Categories:: Aggregate functions (Frequency Estimation) , Window functions

APPROX_TOP_K¶

Uses Space-Saving to return an approximation of the most frequent values in the input, along with their approximate frequencies.

The output is a JSON array of arrays. In the inner arrays, the first entry is a value in the input, and the second entry corresponds to its estimated frequency in the input. The outer array contains k items, sorted by descending frequency.

For more information about APPROX_TOP_K, see Estimating Frequent Values.

See also:: APPROX_TOP_K_ACCUMULATE , APPROX_TOP_K_COMBINE, APPROX_TOP_K_ESTIMATE

Syntax¶

Aggregate function

APPROX_TOP_K( <expr> [ , <k> [ , <counters> ] ] )

Window function

APPROX_TOP_K( <expr> [ , <k> [ , <counters> ] ] ) OVER ( [ PARTITION BY <expr4> ] )

Arguments¶

expr: The expression (e.g. column name) for which you want to find the most common values.
k: The number of values whose counts you want approximated.

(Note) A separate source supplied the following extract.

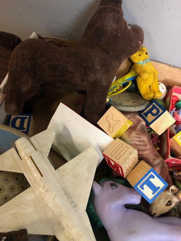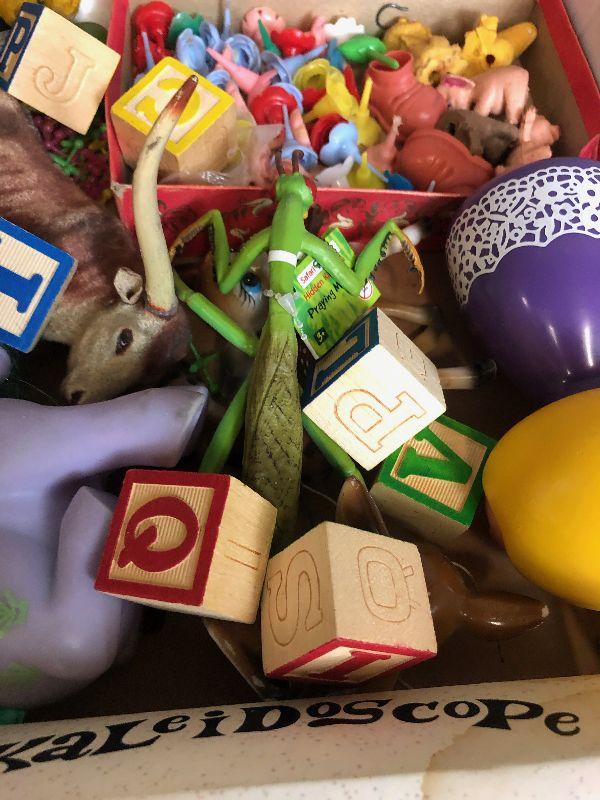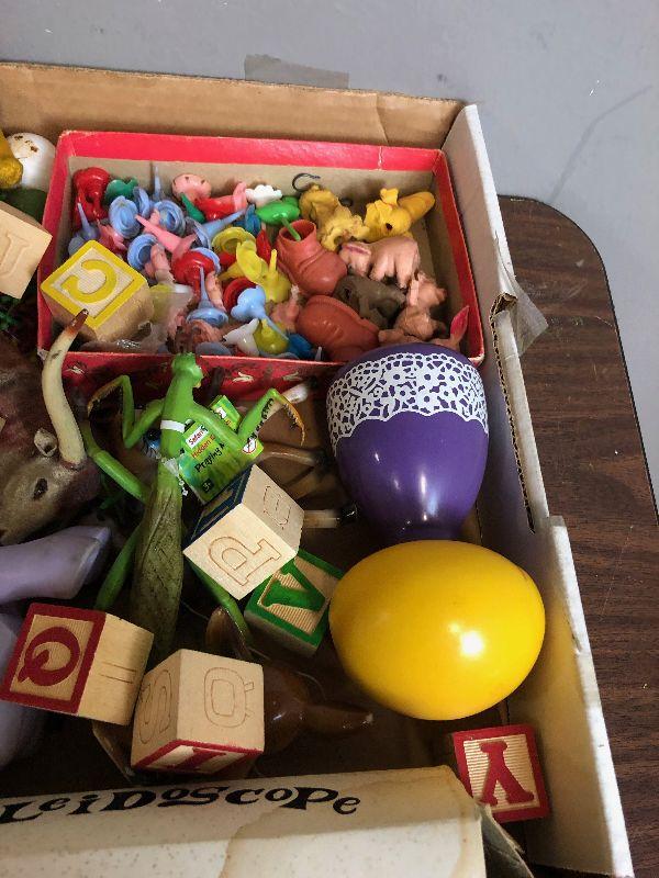 Lot # 146 Vintage lot of Toys, cake toppers, blocks

For example, if you want to see the top 10 most common values, then set k to 10.

If k is omitted, the default is 1.

The maximum value is 100000 (100,000), and is automatically reduced if items cannot fit in the output.
counters: This is the maximum number of distinct values that can be tracked at a time during the estimation process. For example, if counters is set to 100000, then the algorithm tracks 100,000 distinct values, attempting to keep the 100,000 most frequent values.

The maximum number of counters is 100000 (100,000).

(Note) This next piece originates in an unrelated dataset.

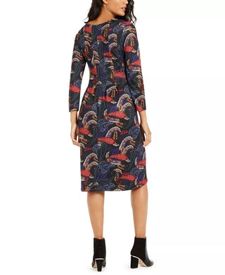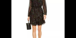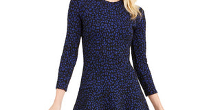 Vestido curto evasê Michael Kors feminino estampado, manga comprida, gola redonda, preto e azul, tamanho pequeno e pequeno

expr4: This is the optional expression used to group rows into partitions.

Usage notes¶

The approximation is more accurate if the number of counters is large, so in most cases counters should be considerably bigger than k. (Each counter uses only a small amount of memory, so increasing the number of counters is not expensive in terms of memory.)

When this function is called as a window function, it does not support:
- An ORDER BY clause within the OVER clause.
- Explicit window frames.

Decimal-float (DECFLOAT) values aren’t supported.

Examples¶

SELECT APPROX_TOP_K(C4) FROM lineitem;

+--------------------+
| APPROX_TOP_K(C4,3) |
+--------------------+
| [                  |
|   [                |
|     1,             |
|     124923         |
|   ],               |
|   [                |
|     2,             |
|     107093         |
|   ],               |
|   [                |
|     3,             |
|    89315           |
|   ]                |
| ]                  |
+--------------------+

WITH states AS (
  SELECT approx_top_k(C4, 3, 5) AS state
  FROM lineitem)
SELECT value[0]::INT AS value, value[1]::INT AS frequency
  FROM states, LATERAL FLATTEN(state);

+-------+-----------+
| VALUE | FREQUENCY |
+-------+-----------+
|     1 |    124923 |
|     2 |    107093 |
|     3 |     89438 |
+-------+-----------+